Requirement — Nothing but the lines from the start of the entries through the line holding "(Invariant point attention;" is to be repeated, exactly and with pictures excluded.

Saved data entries
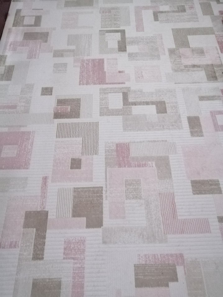 Modern tarzda, pastel pembe ve nötr tonlarda soyut desenli halı, mekana zarif bir dokunuş katar. 6 metrekare halıdan büyük
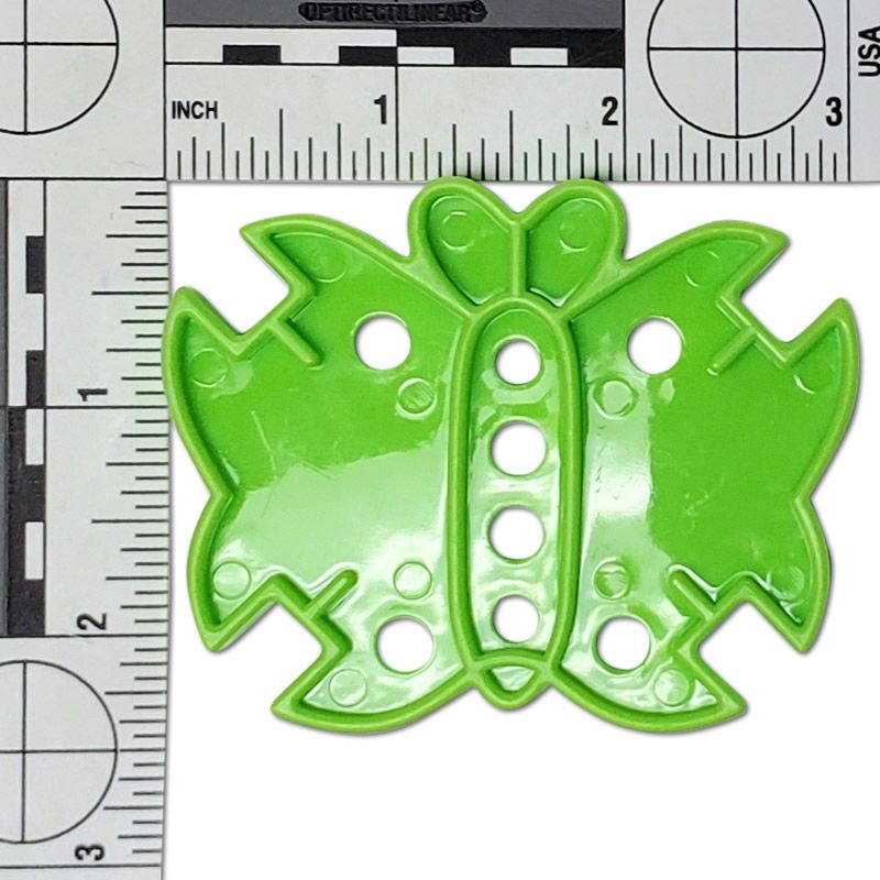 Plastic butterfly bird toy base has eight 1/4" holes. Dimensions: 2-3/8" length x 3" width x 5/16" height.
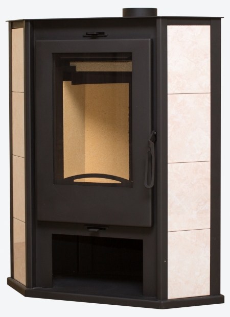 Компактная угловая печь с диаметром дымоходного патрубка 115 мм. Печь оснащена системой «регулируемого вторичного дожига». Верхняя панель оборудована чугунной варочной плитой. Идеально подходит для обогрева небольшого загородного домика площадью 30-60 м2. Кроме обогрева помещения можно разогреть пищу или вскипятить чайник. Размер поленьев 25 -27 см. Подсоединение к дымоходу сверху.
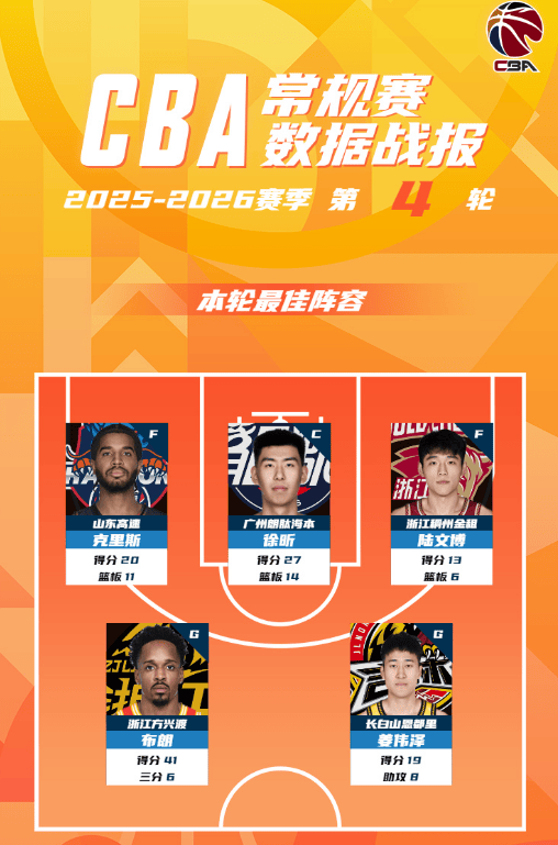 2025-2026赛季CBA联赛常规赛第4轮结束较量,来自山东男篮的克里斯,广州男篮的徐昕,浙江男篮的陆文博,广厦男篮的布朗和吉林男篮的姜伟泽入选CBA联赛常规赛第4轮最佳阵容!
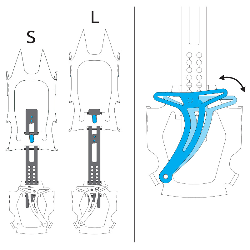 - Spojovací můstek umožňuje mikrometrické nastavení délky a lze ji nastavit do dvou poloh pro malé i velké velikosti bot bez přesahu za patu mačky
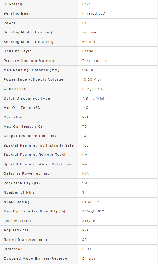 Range: 140 m; Input: 10-30 V dc
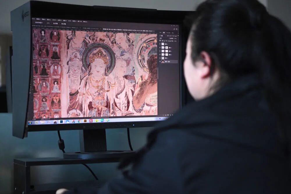 敦煌研究院文物数字化保护团队图像处理人员年海丽在拼接壁画图像(2023年4月25日摄)。数字化探索为莫高窟的保护与传承开辟了全新路径,数字技术让敦煌文物走出洞窟,跨出国门,走向“永久保存、永续利用”。
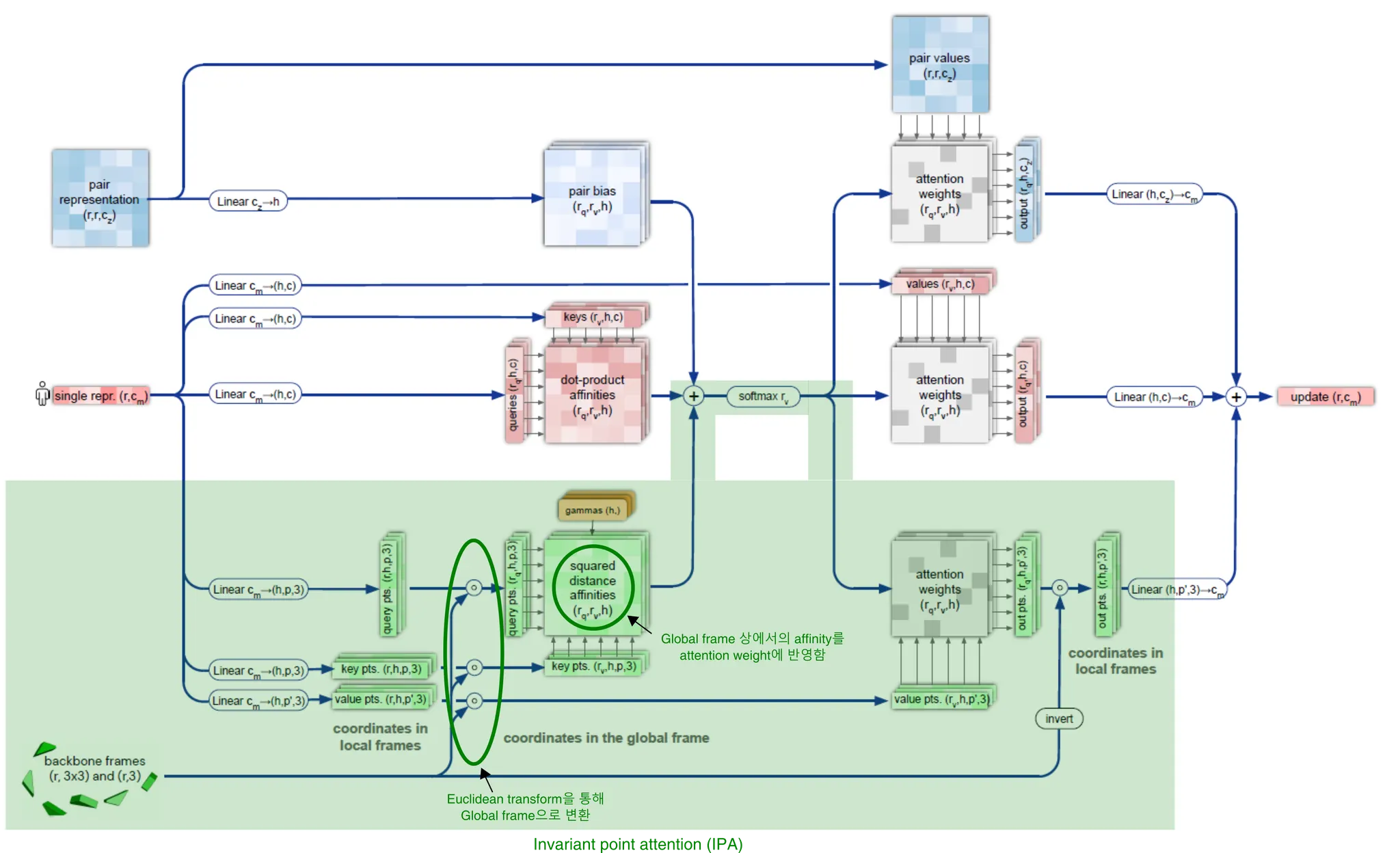 (Invariant point attention; IPA) Residue 의, 현재까지 예측된 3차원 상의 backbone frame 사이의 관계 (거리가 가까울수록, 보다 많은 관계성을 부여)를 self-attention 상에 반영할 수도 있다. (아래 그림, green highlight)
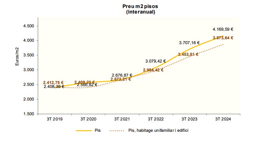 Així ho posen de manifest les dades fetes públiques aquest dijous pel departament d’Estadística. Si ens fixem en les dades dels darrers tres mesos, el preu per metre quadrat s’ha tornat a encarir, en aquest cas un 12,5%. D’aquesta manera, se situa en els 4.169,59 euros, superant la del primer trimestre de l’ant, que també havia superat els 4.000 euros. Així mateix, el valor dels béns immobles tramesos ha estat de 266,6 milions d’euros, un 12,4% més que de juliol a setembre del 2023.

Solution —
 Modern tarzda, pastel pembe ve nötr tonlarda soyut desenli halı, mekana zarif bir dokunuş katar. 6 metrekare halıdan büyük
 Plastic butterfly bird toy base has eight 1/4" holes. Dimensions: 2-3/8" length x 3" width x 5/16" height.
 Компактная угловая печь с диаметром дымоходного патрубка 115 мм. Печь оснащена системой «регулируемого вторичного дожига». Верхняя панель оборудована чугунной варочной плитой. Идеально подходит для обогрева небольшого загородного домика площадью 30-60 м2. Кроме обогрева помещения можно разогреть пищу или вскипятить чайник. Размер поленьев 25 -27 см. Подсоединение к дымоходу сверху.
 2025-2026赛季CBA联赛常规赛第4轮结束较量,来自山东男篮的克里斯,广州男篮的徐昕,浙江男篮的陆文博,广厦男篮的布朗和吉林男篮的姜伟泽入选CBA联赛常规赛第4轮最佳阵容!
 - Spojovací můstek umožňuje mikrometrické nastavení délky a lze ji nastavit do dvou poloh pro malé i velké velikosti bot bez přesahu za patu mačky
 Range: 140 m; Input: 10-30 V dc
 敦煌研究院文物数字化保护团队图像处理人员年海丽在拼接壁画图像(2023年4月25日摄)。数字化探索为莫高窟的保护与传承开辟了全新路径,数字技术让敦煌文物走出洞窟,跨出国门,走向“永久保存、永续利用”。
 (Invariant point attention; IPA) Residue 의, 현재까지 예측된 3차원 상의 backbone frame 사이의 관계 (거리가 가까울수록, 보다 많은 관계성을 부여)를 self-attention 상에 반영할 수도 있다. (아래 그림, green highlight)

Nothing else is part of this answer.